Reformed education act targets student fees, loans, downloading

The House of Representatives proposed changes and additions to the Higher Education Act last Friday that will affect students in many areas, including illegal downloading, student fees, accreditation practices and student loans.

The Higher Education Act is due for renewal and any legislation enacted will determine higher education policy for the next five years. The bill was originally created in 1965 to strengthen educational resources available to colleges and universities and to provide financial assistance to students.

The Senate passed its version of the bill in July. The House proposed its initial version of the bill last week, which was marked up in the Education Committee on Wednesday.

A change that will directly impact students is the crackdown on illegal downloading within the proposed legislation. It requires institutions to educate their students on policies regarding copyright infringement on campus networks.

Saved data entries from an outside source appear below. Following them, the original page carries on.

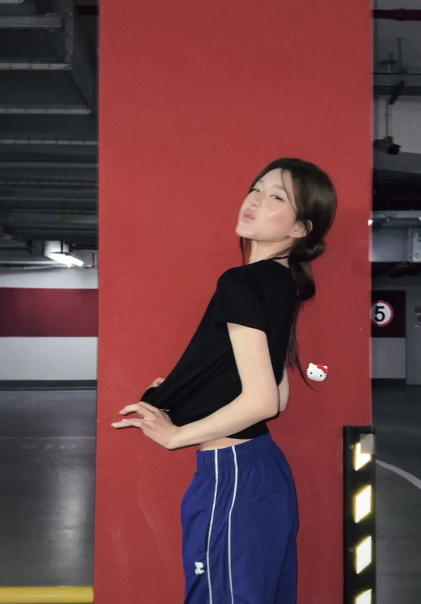 趙露思嘟嘴擺pose,腰肢纖細,身材曲線曼妙。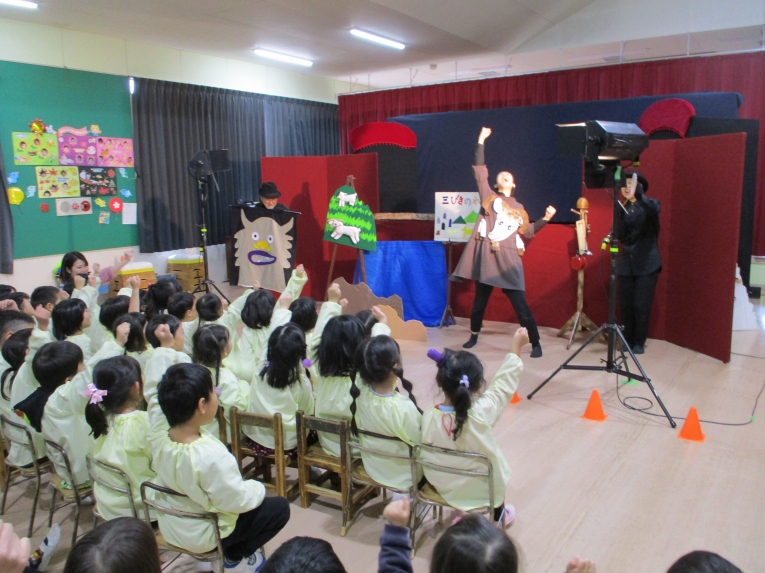 初めは「3匹のやぎのがらがらどん」 役者さんの張りのある声が、響き渡って迫力満点!
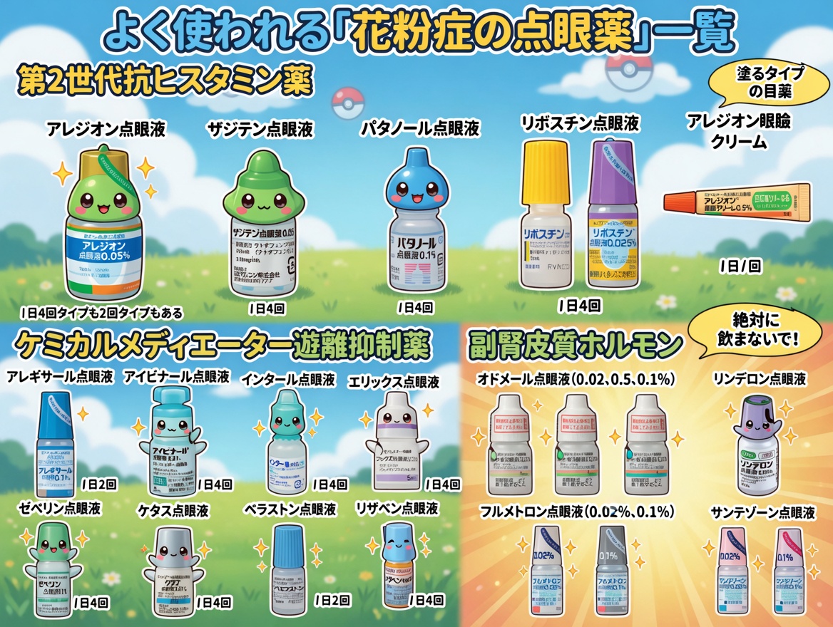 眼科で医師が処方する花粉症目薬は、市販薬よりも強力な成分を含んでいたり、市販されていない特別な作用を持つものがあります。より専門的なアプローチで、つらい症状や難治性の病態に対応します。主な種類は次のとおりです。

It also requires that colleges eligible for federal financial aid under Title IV, a section of the Higher Education Act that defines all federal loans available to students, to develop a plan for offering alternatives to illegal downloading,

“About 44 percent of domestic piracy losses nationwide, over $500 million, are due to college students,” said Kori Bernard, a spokeswoman for the Motion Picture Association of America, which supports the legislation.

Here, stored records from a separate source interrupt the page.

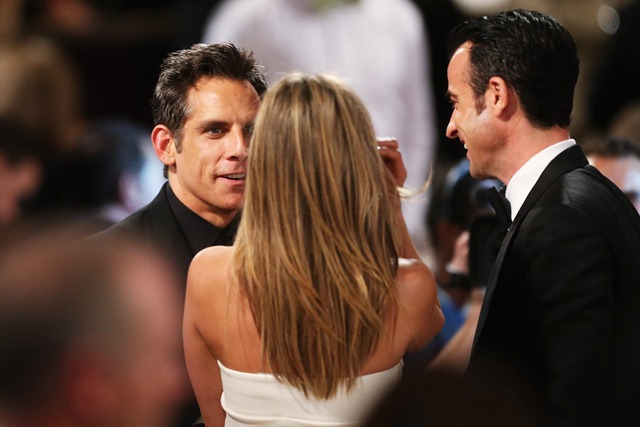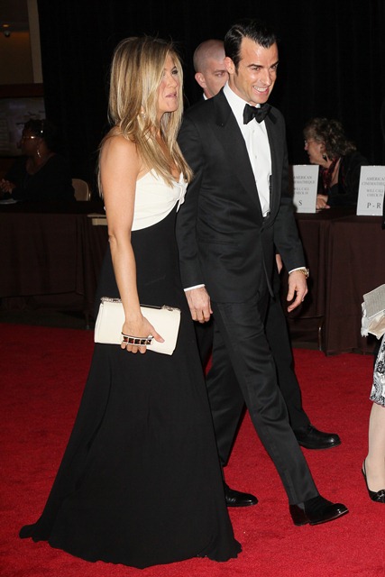 I have more to say but that was my first thought looking at these photos of Jennifer Aniston and Justin Theroux at the American Cinematheque Award Ceremony last night honouring Ben Stiller. Justin in particular seems super sweaty.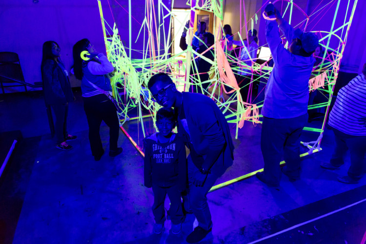 We collaboratively constructed a giant, glowing wood and woven plastic sculpture inspired by adjunct instructor Katie Pell. We also had a blast throwing luminescent clay on the potter’s wheel, or working it into fantastical animals, and glowing clay figures under the instruction of Paul Northway, Diana Kersey, and studio technician Allysha Farmer.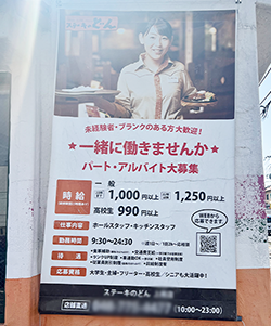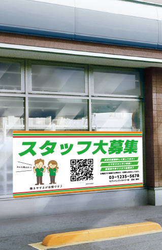 店外・店内に求人アイテムを配置して、多くの方に求人をアピールし、応募に繋げます。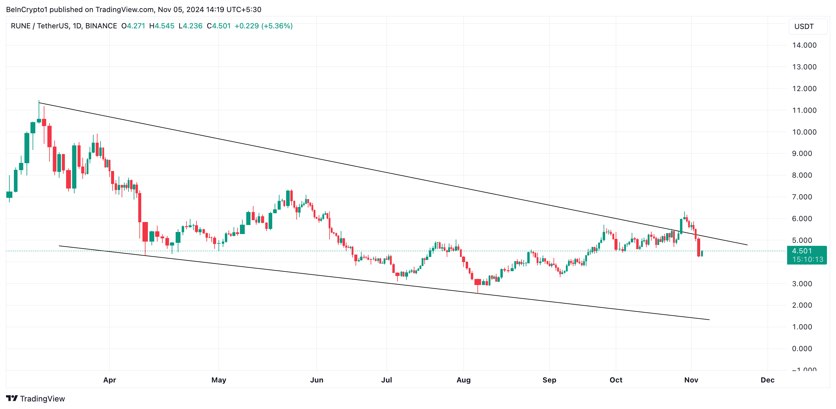 Men RUNE reverserte denne trenden den 30. oktober og har siden falt tilbake innenfor kilen, og skapte en bull-felle. Den raske tilbakefallet til kilen ugyldiggjør utbruddet ettersom myntens pris har gjenopptatt sin tidligere nedadgående trend. Med en handelspris på $ 4,50 i skrivende stund, har RUNEs pris falt med 21 % de siste fire dagene.

“We are requesting minimally invasive efforts to reduce piracy on college campuses,” Bernard added.

Educause, a nonprofit organization concerned with proper technology use in higher education, called the second portion of the legislation “unacceptable,” according to The Chronicle of Higher Education.

“These provisions of the bill are misdirected at higher education,” said Steven Worona, Educause director of policy and networking programs.

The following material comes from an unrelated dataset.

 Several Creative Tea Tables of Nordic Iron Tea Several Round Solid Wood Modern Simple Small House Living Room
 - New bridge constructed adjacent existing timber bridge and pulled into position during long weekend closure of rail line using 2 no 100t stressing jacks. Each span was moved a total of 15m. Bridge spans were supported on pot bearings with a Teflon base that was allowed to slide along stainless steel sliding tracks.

Most infringement by college students occurs on commercial networks that are not associated with their college. Less than 4 percent of infringers are using college campus networks and therefore account for no more than 9 percent of the losses. The statistic that attributes 44 percent of piracy to college campuses is both misleading and false, Worona said.

“Campuses are already attacking this problem as aggressively as possible. The source of the problem should be targeted and that’s not higher education,” Worona said.

In their separate proposals, both the Senate and the House agreed on modifications to the act, including allowing the Secretary of Education to establish a Higher Education Price Index in order to identify colleges whose tuition and fees are unusually high and place them on a watch list.

The House went beyond the Senate, mandating that colleges on the watch list submit a report explaining the reasons for their unusually high fees, and outlining steps that will be taken to prevent future increases in fees, according to The Chronicle of Higher Education.

To create further incentives to prevent fee increases, the House also proposed offering additional grant money to colleges that restrained their tuition growth, said Rachel Racusen, spokeswoman for Representative George Miller of California, who is chairman of the House Education and Labor committee. States would also be punished for cutting their higher education budgets.

“States that fail to meet the mandated standards would risk losing these funds,” Racusen said. States faced with fiscal difficulties would be eligible for a waiver from the Secretary of Education.

“To expand college access to millions of students and families and to ensure that our higher education system operates in the best interest of helping students attend and pay for college is a top priority of Miller’s office,” Racusen said.

Congress is also addressing is the 90-10 rule, which requires career colleges, which provide vocational educations, to receive at least 10 percent of their revenue from sources other than federal student aid in order to be eligible for the financial aid benefits of Title IV.

“A minority of these schools were diploma mills that took advantage of students and were not legitimate institutions,” said Harris N. Miller, chairman of the Career College Association.

Currently, these institutions are subject to stringent accreditation requirements. At the same time, their student population has grown from about 2 percent of higher education students in 1995, to about 10 percent today, Miller said.

The new legislation modifies the act to broaden the sources that can comprise the 10 percent of non-governmental funding to include scholarships and existing short-term educational programs.

Miller said he is optimistic that the resulting bill will remove unnecessary restrictions.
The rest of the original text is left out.